In previous posts, we have looked at combining various IBM services to create applications that address real-life requirements faced by enterprises. For example, combining IBM Cloudant and IBM Code Engine or IBM Cloudant and IBM Databases for Redis.

One important requirement in most organisations is the need to make your data work hard for different purposes. On the one hand, you may need a highly available, multi-region, lightning-fast store of data so that your e-commerce application can quickly sell your items and process the orders. Meanwhile, your business intelligence team may want to interrogate that sales data and join it with other sources to produce reports, dashboards or machine learning models that drive business and logistical decisions. Some of that data will likely not even be in your operational data store, but originate somewhere else — inside or outside your organisation — like clickstream data, historical weather reports or application performance monitoring. So how do we start to deal with this deluge of data to drive insights? 

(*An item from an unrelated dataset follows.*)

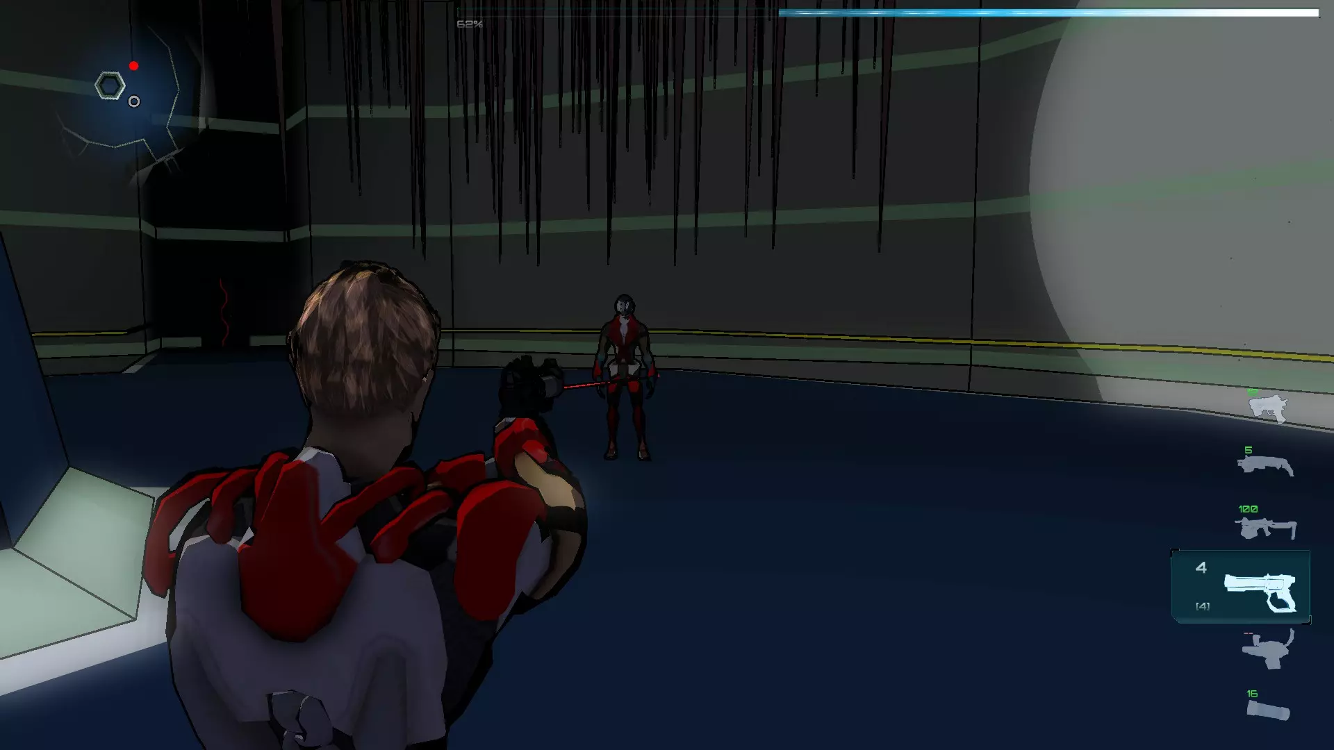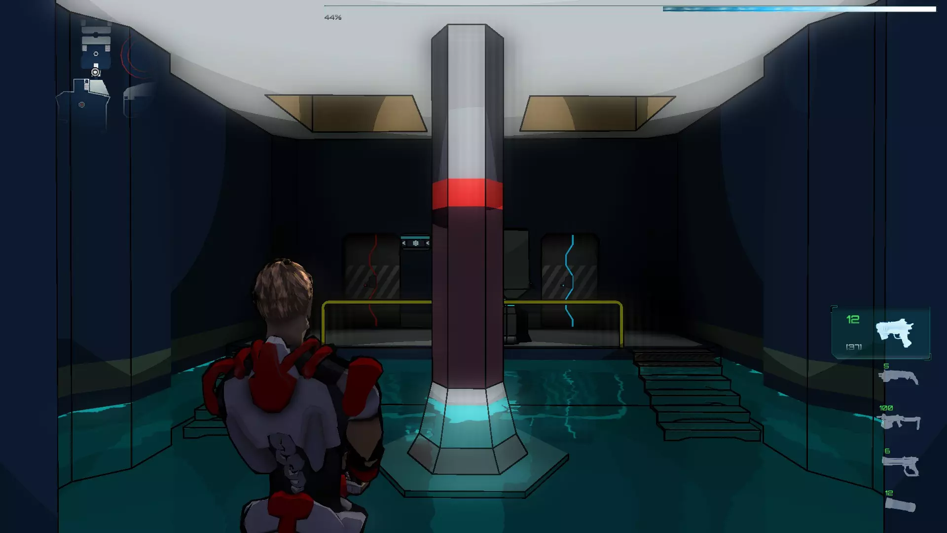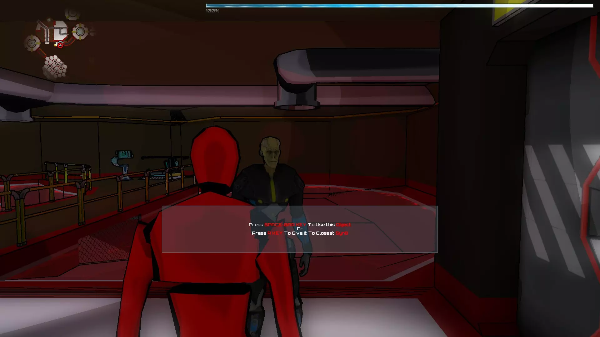 Los Dummies是基础型SynB,它们拥有强大的抗感染护盾,这使得它们能够在受感染的水中行动而不会损失生命值,并且还具备使用激活器激光的能力。每个区域都有一个或多个Los Dummies,它们将帮助我们完成谜题(有时还能在我们使用Nexus射击时,充当感染SynB的诱饵) 区域01 本区域的SynB: Ighel Red Dummie Nexus 步骤说明 我们从SynB Ighel开始,完成简短的控制教程后离开房间,前往主水池。可以看到,使用这个SynB无法穿过受污染的水到达池底的卡片。

For the first requirement, something like IBM Cloudant would do a great job. IBM Cloudant is a fully managed, distributed database optimized for heavy workloads and fast-growing web and mobile apps.

But Cloudant would not be optimal for the second requirement because “joining” data from different documents is not something that document stores do well. For that, you want a more relational type of database, like IBM Cloud Databases for PostgreSQL. A relational database like PostgreSQL is great for operational or analytical use cases, and it has robust JDBC support for all your BI tooling. 

Joining forces

In this tutorial, we will go through a simple NodeJS example of how you can move data from multiple IBM Cloudant tables to a PostgreSQL “data warehouse” so that you can query the data in more creative ways.

This will not be cost-free because PostgreSQL does not offer a free tier. But if you set it up and de-provision the infrastructure straight after you are done, it should not cost more than a few dollars. Cloudant offers a generous free tier that you can use for this tutorial.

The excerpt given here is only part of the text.